## Records contained in a dataset
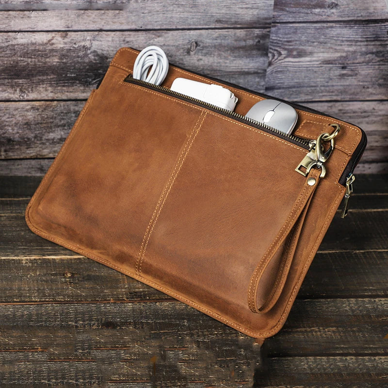 Hergestellt aus robustem Echtleder, schützt die Hülle zuverlässig vor Kratzern, Staub und leichten Stößen. Das kompakte, minimalistische Design sorgt dafür, dass die Tasche leicht zu transportieren ist und in Aktentaschen, Rucksäcken oder einfach als Handtasche verwendet werden kann. Der stabile Reißverschluss gewährleistet einfachen Zugriff auf Ihr Gerät und sichert es gleichzeitig vor ungewolltem Herausfallen.
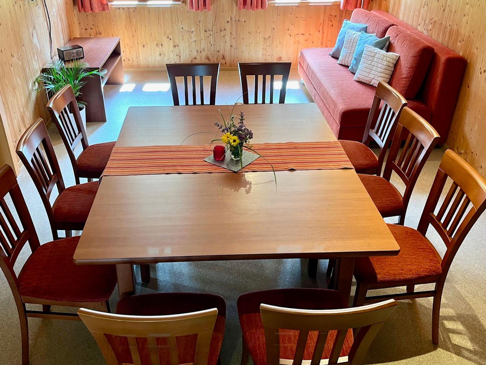 Genießen Sie einen guten Bergschlaf im einem Doppelzimmer mit Infrarotsauna, sowie einem Doppelzimmer mit Zusatzbett. Die großzügige Wohnküche steht für gemeinsame Essen und gemütliche Familienzeit. Zusätzlich stehen zwei Duschen mit WC zur Verfügung.
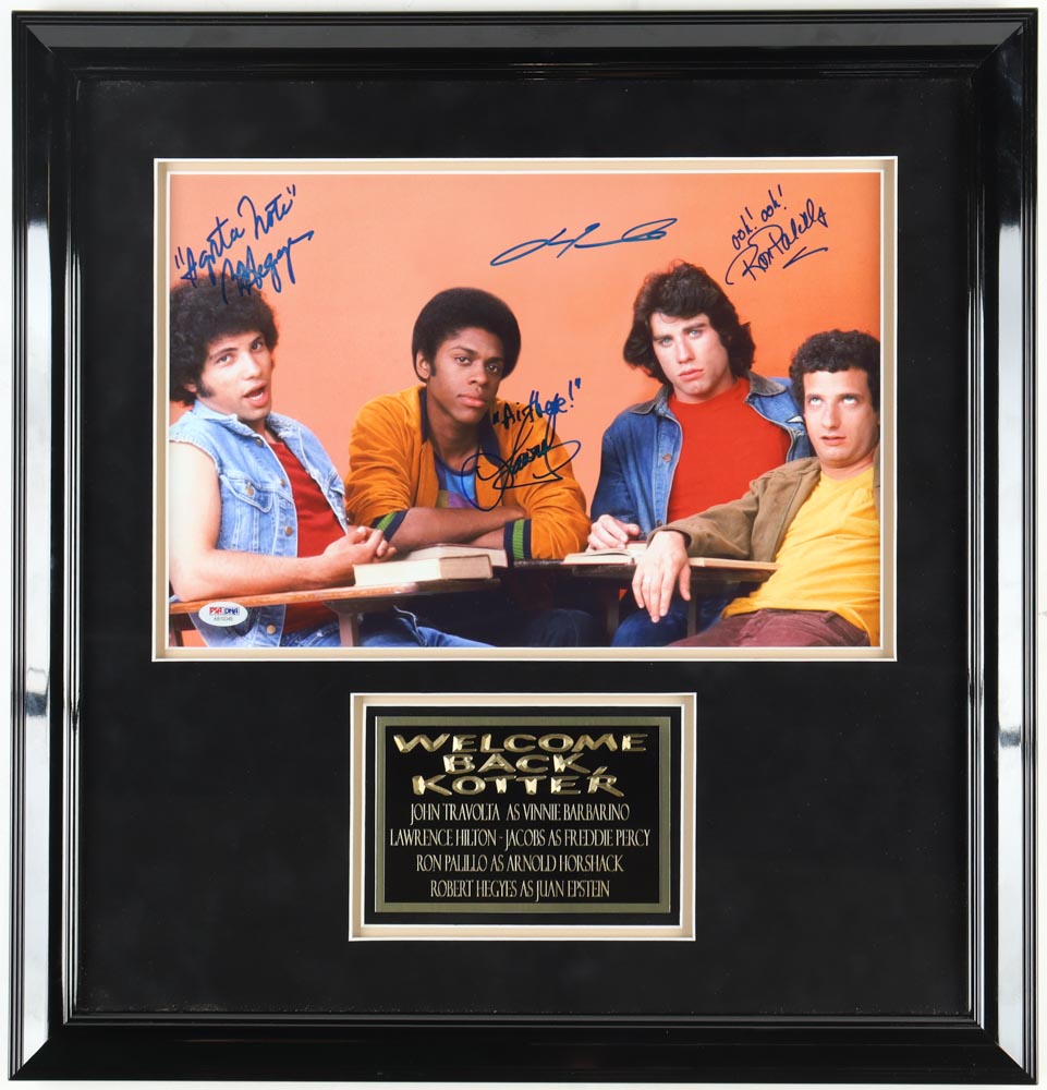 "Welcome Back, Kotter" Custom Framed Photo Signed by (4) with John Travolta, Lawrence Hilton, Ron Palillo & Robert Hegyes with (3) Catch Phrase Inscriptions (PSA)
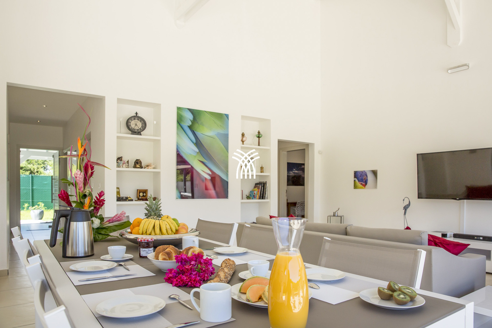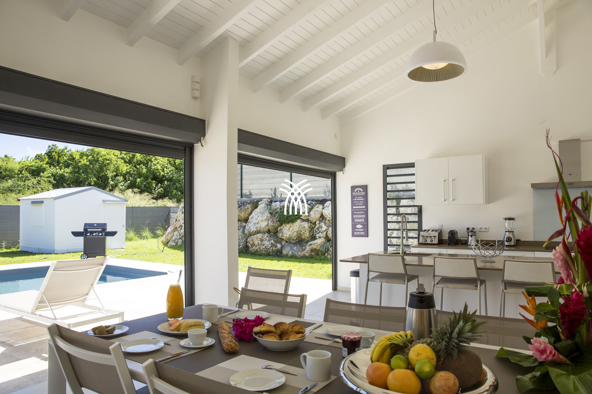 La cuisine américaine toute équipée s'ouvre sur le salon et la terrasse pour des moments farniente garantis. La jacuzzi est un des plus de cette villa qui fera le bonheur de tous les invités. La villa Bellini Guadeloupe, proche des plus belles plages comme Anse à la Gourde, plage des Salines, vous invite à la détente pour des vacances sous le signe de la relaxation.
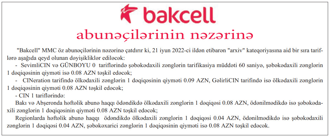"Bakcell" MMC öz abunəçiləri üçün 21 iyun 2022-ci ildən etibarən "arxiv" kateqoriyasına aid bir sıra tariflərə üzrə qiymətləri artırır.
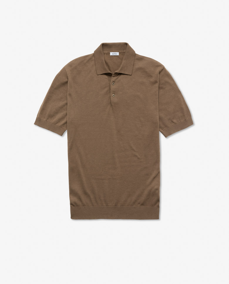Lightweight with shine especially visible in the sunlight, consider this mocha polo your quintessential summer knit. Seamlessly knitted from a luxe blend of breathable Egyptian cotton with mulberry silk, adding even more elegance, softness, and drape. Designed here with short sleeves, in single ply for the lightest wear possible. Make this knitwear your own with our customization options.
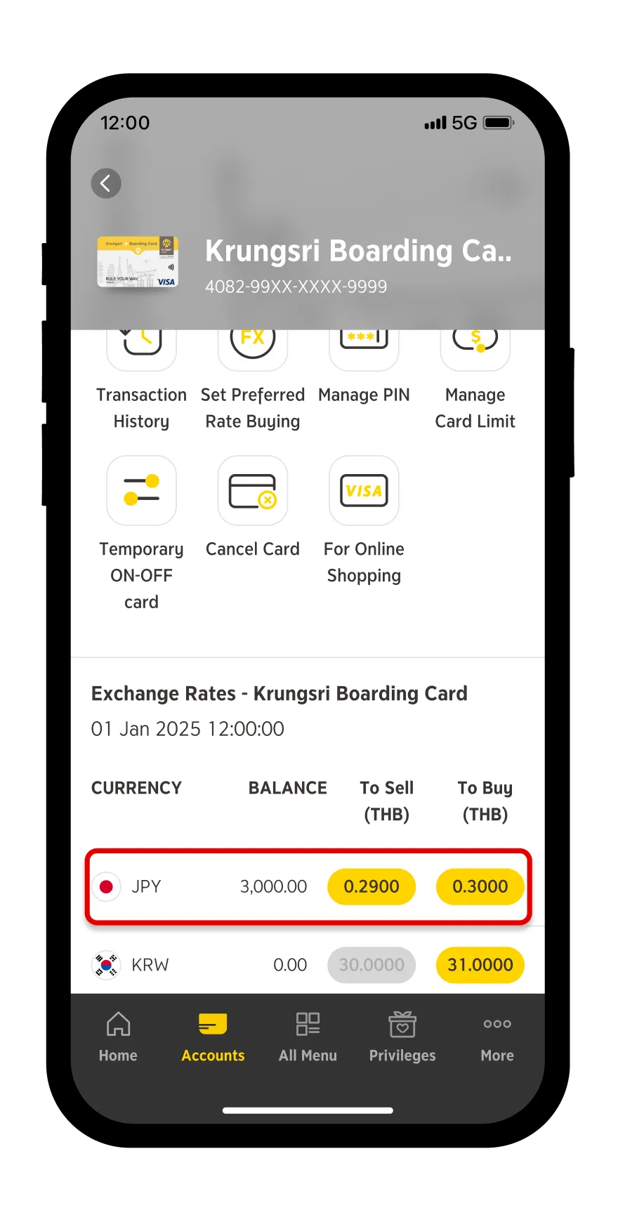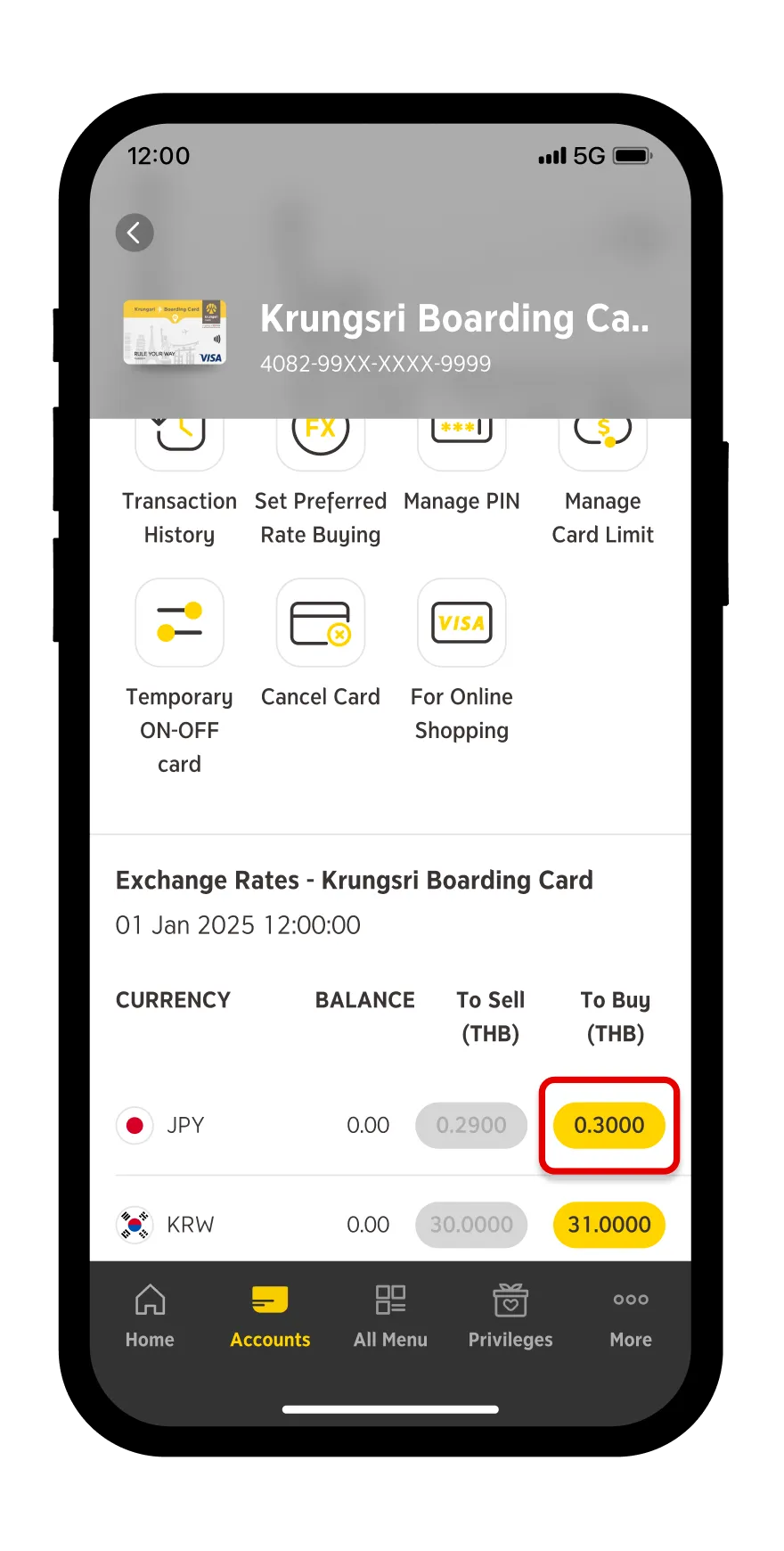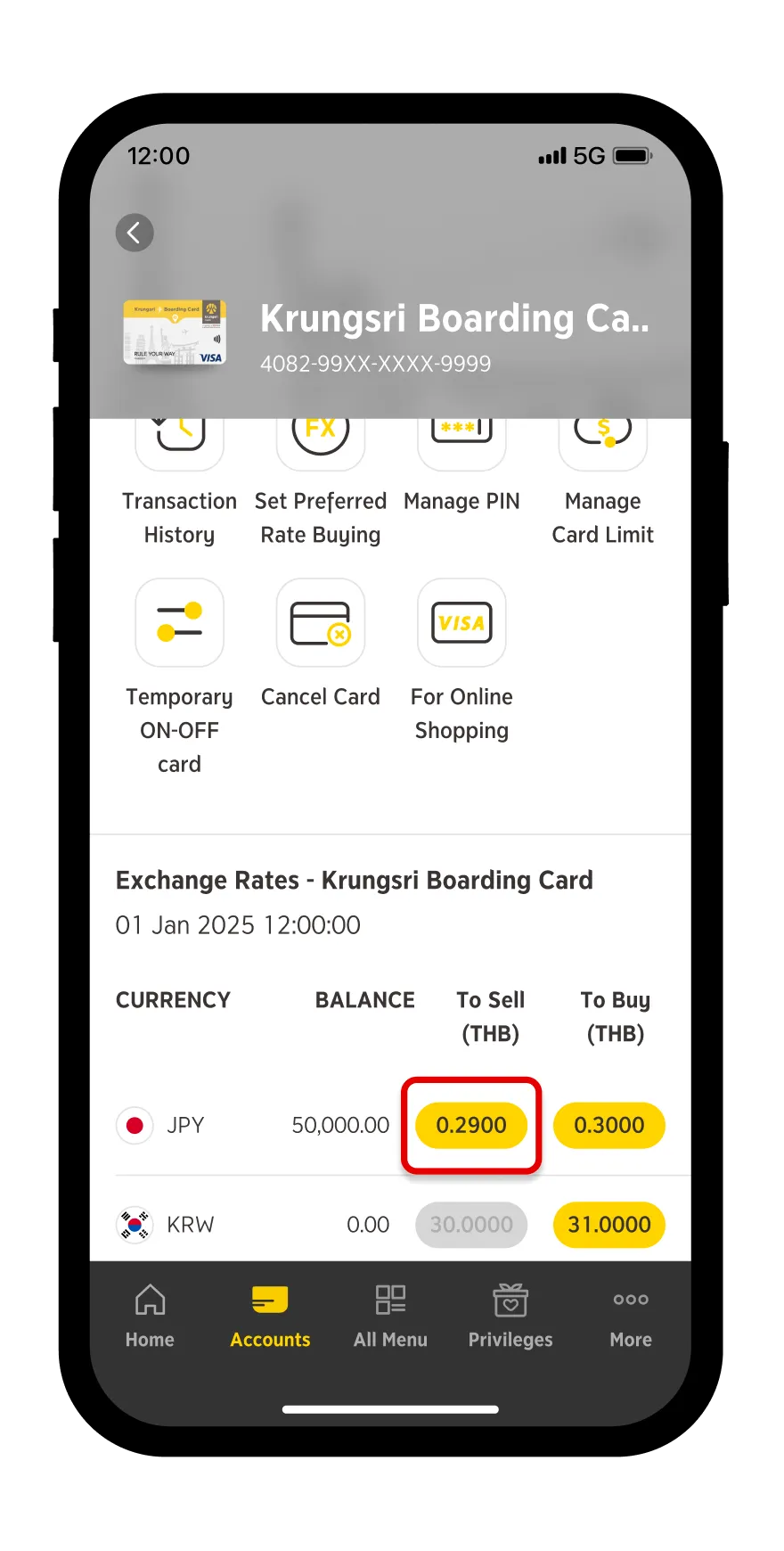 You can check the latest foreign exchange rates of Krungsri Boarding Card via krungsri app or just scan the QR Code on the back of the card.
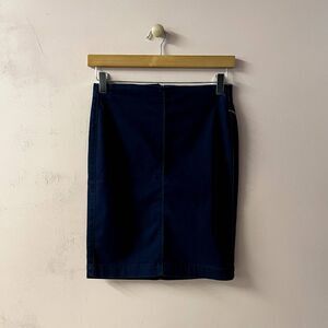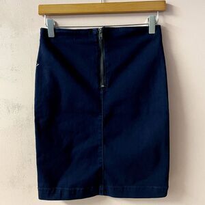 Cute indigo blue knee length denim pencil skirt! It has a zipper in the back. This would look great with a fitted white or back top tucked into it with a cropped cardigan and some platform Dr. Martens for a grungier look! NWT! Never been worn! Approximate measurements shown in photos. Feel free to ask questions or make an offer!
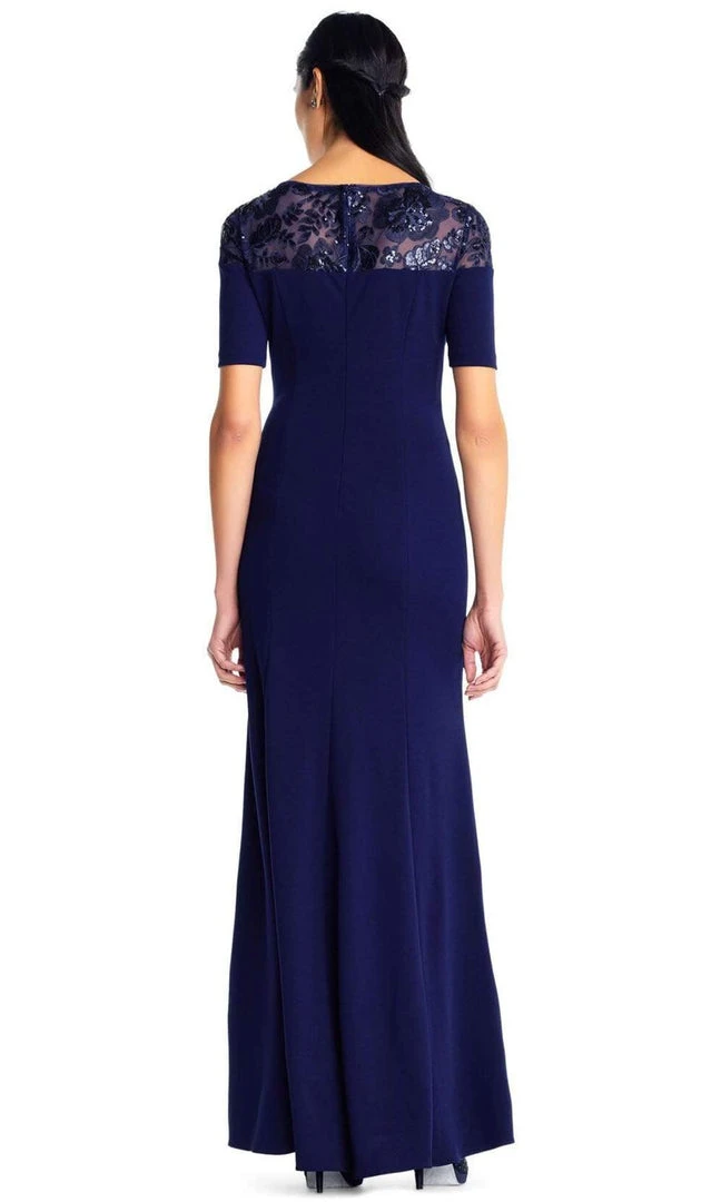 Bring on the drama in this Adrianna Papell AP1E203244. This floor length dress features an illusion bateau neckline adorned with floral embroidery. Framed with short sleeves, this stretch crepe dress reveals a straight silhouette complemented with a front side slit. Capture the glamour as you walk on this stunning gorgeous Adrianna Papell creation.
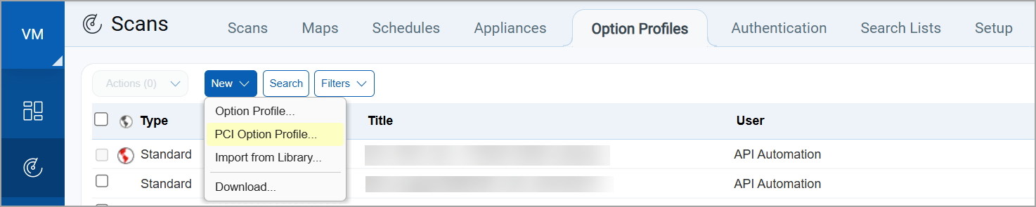 - To create a new PCI option profile, select New > PCI Option Profile.

## Work instruction
Print exactly, with no pictures, the lines above from the one that holds "La cuisine américaine" through the one that holds "Lightweight with shine", both of them included.

## Solution
 La cuisine américaine toute équipée s'ouvre sur le salon et la terrasse pour des moments farniente garantis. La jacuzzi est un des plus de cette villa qui fera le bonheur de tous les invités. La villa Bellini Guadeloupe, proche des plus belles plages comme Anse à la Gourde, plage des Salines, vous invite à la détente pour des vacances sous le signe de la relaxation.
"Bakcell" MMC öz abunəçiləri üçün 21 iyun 2022-ci ildən etibarən "arxiv" kateqoriyasına aid bir sıra tariflərə üzrə qiymətləri artırır.
Lightweight with shine especially visible in the sunlight, consider this mocha polo your quintessential summer knit. Seamlessly knitted from a luxe blend of breathable Egyptian cotton with mulberry silk, adding even more elegance, softness, and drape. Designed here with short sleeves, in single ply for the lightest wear possible. Make this knitwear your own with our customization options.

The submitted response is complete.